Tornanti senza soluzione di continuità che si arrampicano sul pendio senza lasciare un minimo di respiro e la possibilità di rifiatare. Salgo arrancando alla grande, zigzagando aggrappato al manubrio che scivola dalle mani, zuppo di sudore. La velocità è prossima ai 4 km/h, le pendenze sono estreme; " fermo di nome , fermo di fatto" l'unico pensiero che mi rimbomba in testa. Per fortuna l'ampia sede stradale consente di impostare la traiettoria esterna, evitando, in parte, le rampe più maligne. Ma sento ormai di essere vicino alla resa, quando la voce di Dino mi avverte che forse, adesso la strada spiana un po'; ed è vero, per mia fortuna. All'altezza di un piccolo cimitero una breve ma gradita contropendenza e poi le pendenze si fanno più umane, 6/8 %. Riprendo vigore ed ottimismo ; il bosco dirada e osservo attorno a me il tipico panorama prealpino tra case sparse, cascinali e prati verdi che si perdono a vista d'occhio.

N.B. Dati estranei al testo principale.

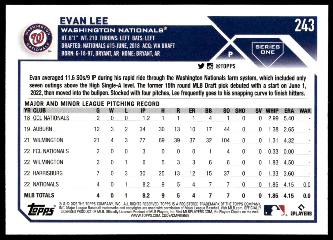 This Baseball card, from 2023 is part of the Topps Series 1 card set. Evan Lee is featured and has a card number of 243.
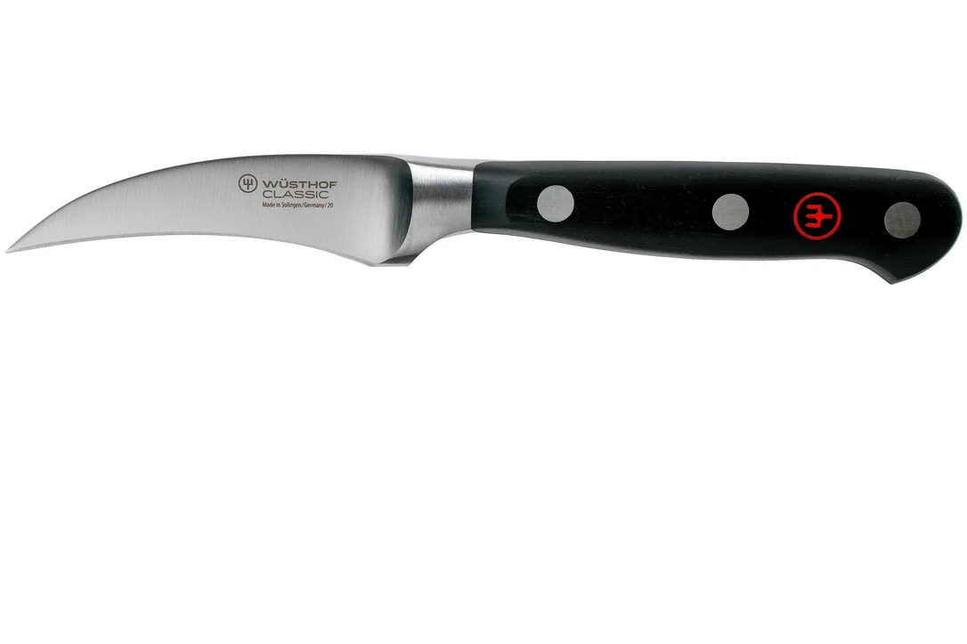 Este cuchillo pelador Wüsthof Classic también se llama cuchillo curvo. El torneado es una técnica de corte. La palabra viene del francés «tourner», que significa giro. Esta técnica se utiliza principalmente para dar a las piezas de un producto la misma forma. Por ejemplo, para conseguir una buena presentación o incluso resultados de cocción. Para estas tareas, un cuchillo curvo es la respuesta. Incluso las tareas más pequeñas son pan comido para este cuchillo pelador de la colección Classic. Este cuchillo no pesa casi nada y está perfectamente equilibrado. Por ello, el cuchillo se siente muy bien en la mano.
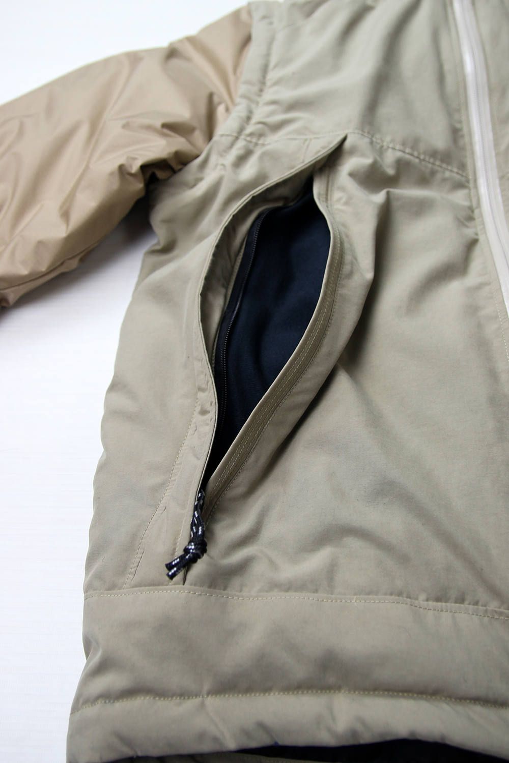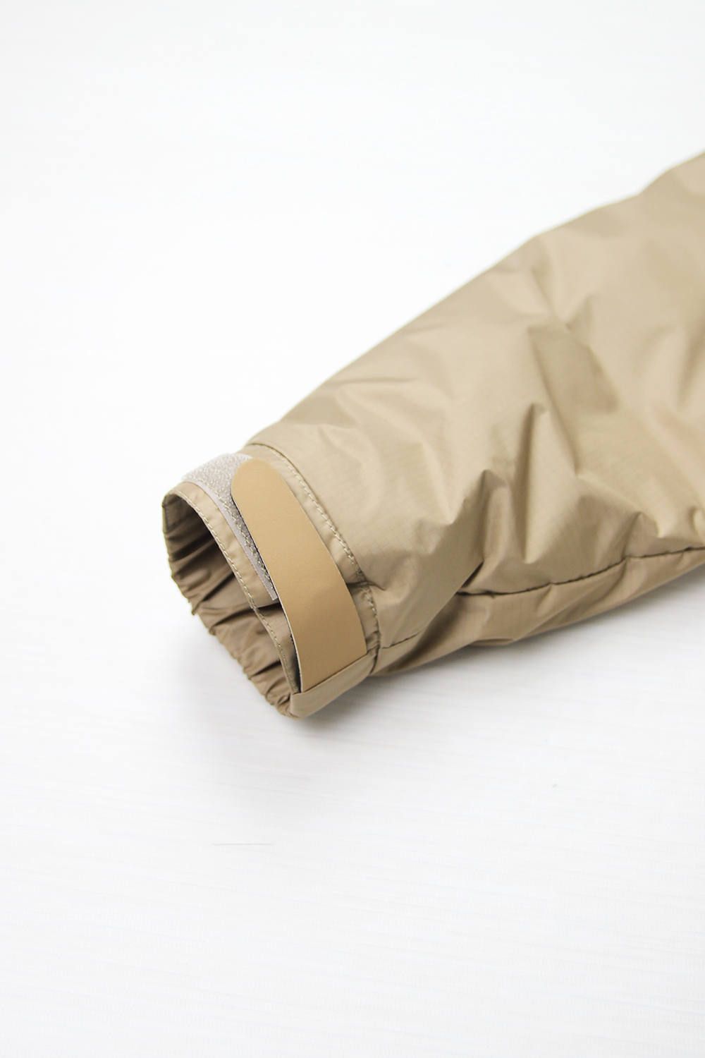 袖、フードには、高レベル防水透湿性能を兼ね備えたナイロンリップストップを使用。リップストップとは、裂け防止の為に生地に升状の加工をした生地の事で、アウトドアシュラフ(寝袋)にも用いられる優れた素材です。
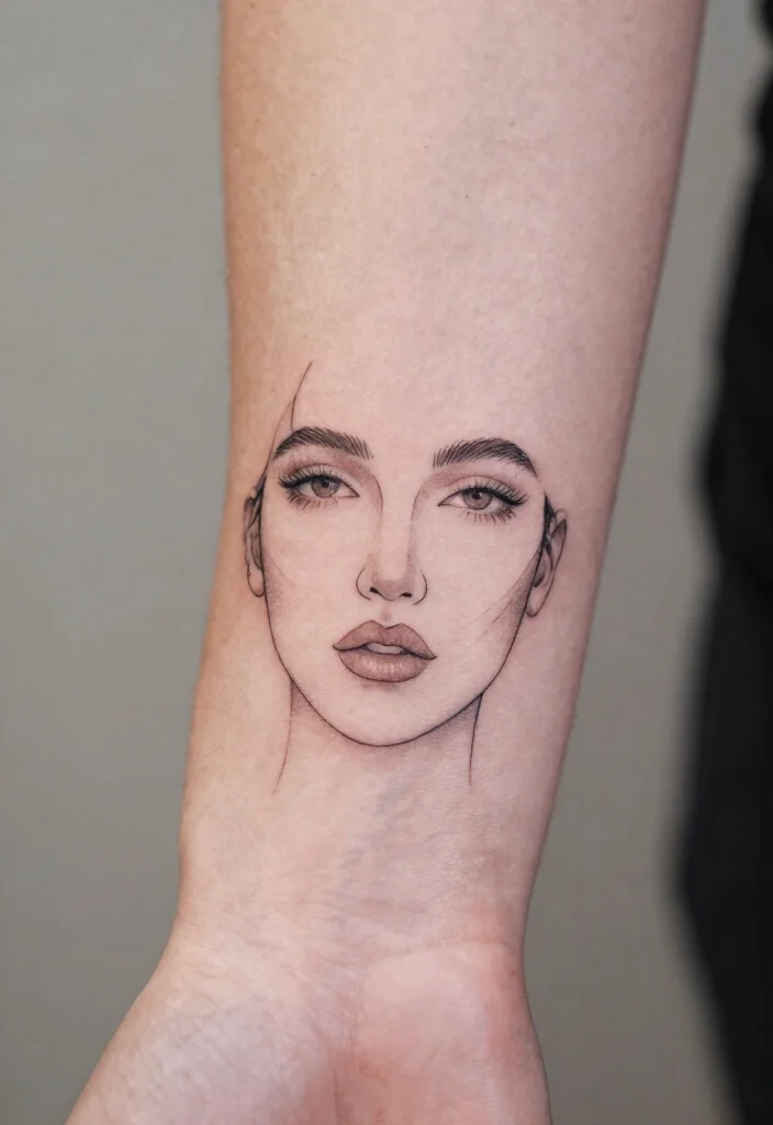 Minimalist portraits offer a unique way to express admiration for someone special with a simple yet meaningful design. These tattoos typically consist of basic lines and shapes that capture the essence of a person’s face or silhouette. They symbolize closeness and significant relationships in life.
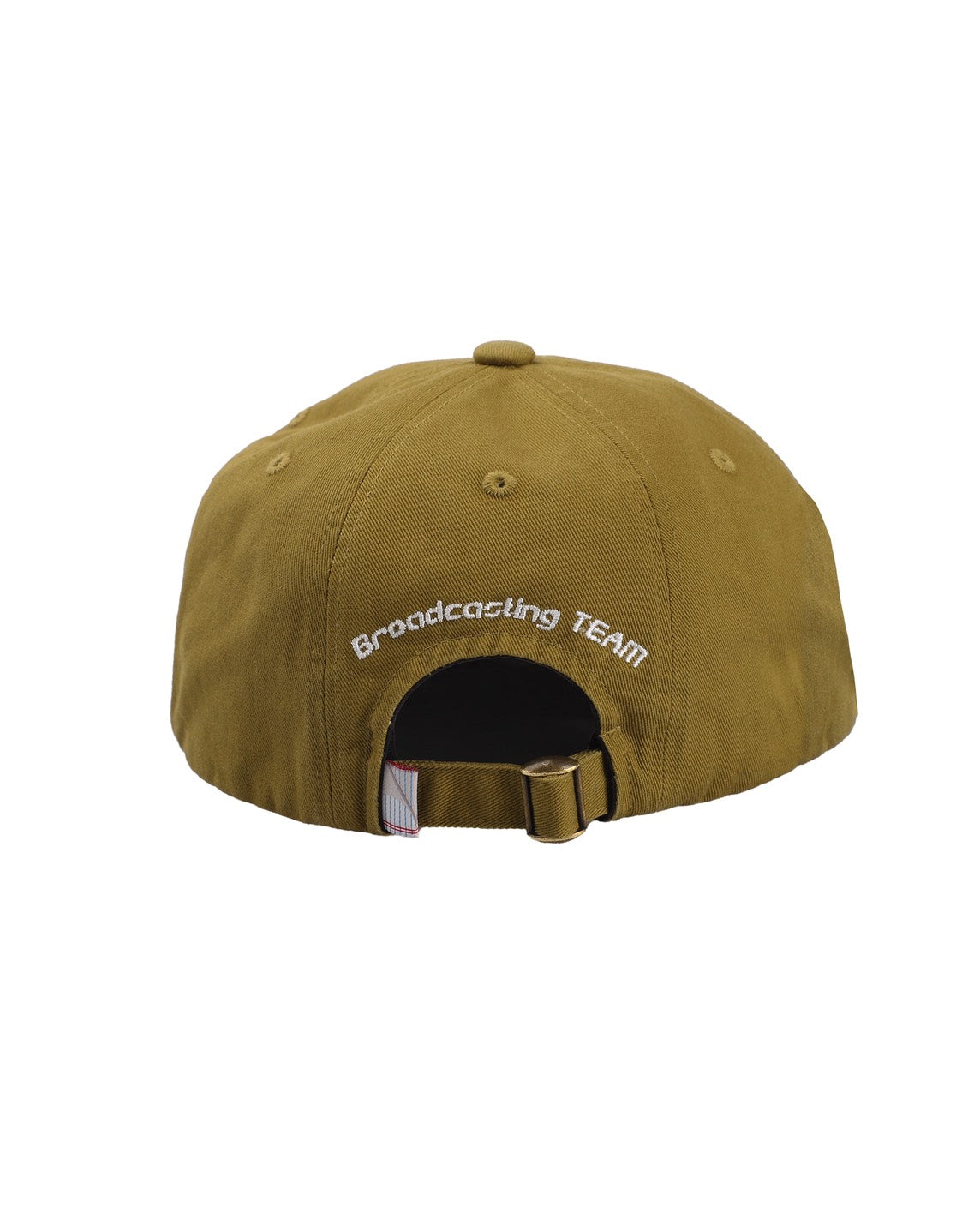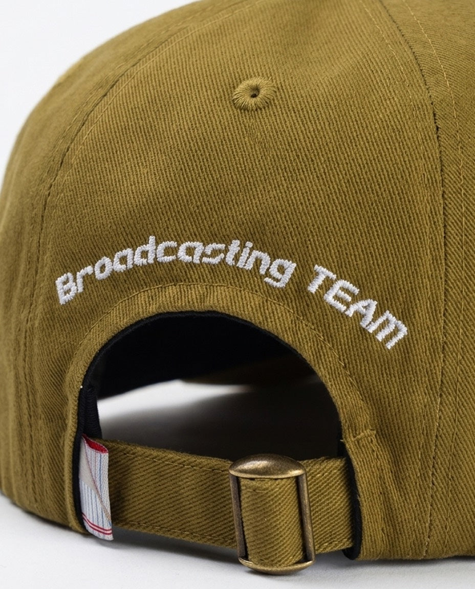 今回のコラボレーションテーマ “BROADCASTING TEAM” のデザインを落とし込んだ、オリジナルシェイプの6パネルキャップ。

Anche se la giornata non è spettacolare, anzi piuttosto grigia, l'ambiente montano ha sempre la grande capacità di rivitalizzarci; in fondo si sale anche per osservare noi stessi, oltre che l'ambiente che ci circonda. Lontano, sopra di noi le antenne che svettano nel cielo, indicano che la strada è ancora lunga, ma ormai il più è fatto. Adesso i tornanti attraversano dolci pendii e sembrano indugiare benevolmente; attraversiamo piccoli insediamenti, prima di arrivare al valico, a quota 1064 mslm, dove ci fermiamo per una breve sosta e per ripararci da un breve ma violento acquazzone. Ancora un paio di chilometri di falsopiano in salita e poi via in una lunga e bellissima discesa su fondo discreto. Passiamo per Adrara san Martino e Adrara san Rocco, fino a Villongo.
Il resto è una lunga e defaticante piccola cavalcata verso il nostro capolinea, passando per Tagliuno, Chiuduno e Gorlago. Un piccolo grande giro di 52 chilometri e quasi 950 metri di dislivello. La salita di san Fermo è veramente spettacolare; lunga soltanto 9 chilometri con pendenza media vicino al 9%, ricorda nei 3 km più impegnativi le aspre pendenze del Mortirolo. Ad altezze modeste corrisponde un panorama che lascia senza parole per una sua tipica bellezza contadina. Una montagna che fa capire, anche a chi la attraversa in bicicletta, che vivere da queste parti non deve essere esattamente una passeggiata di salute.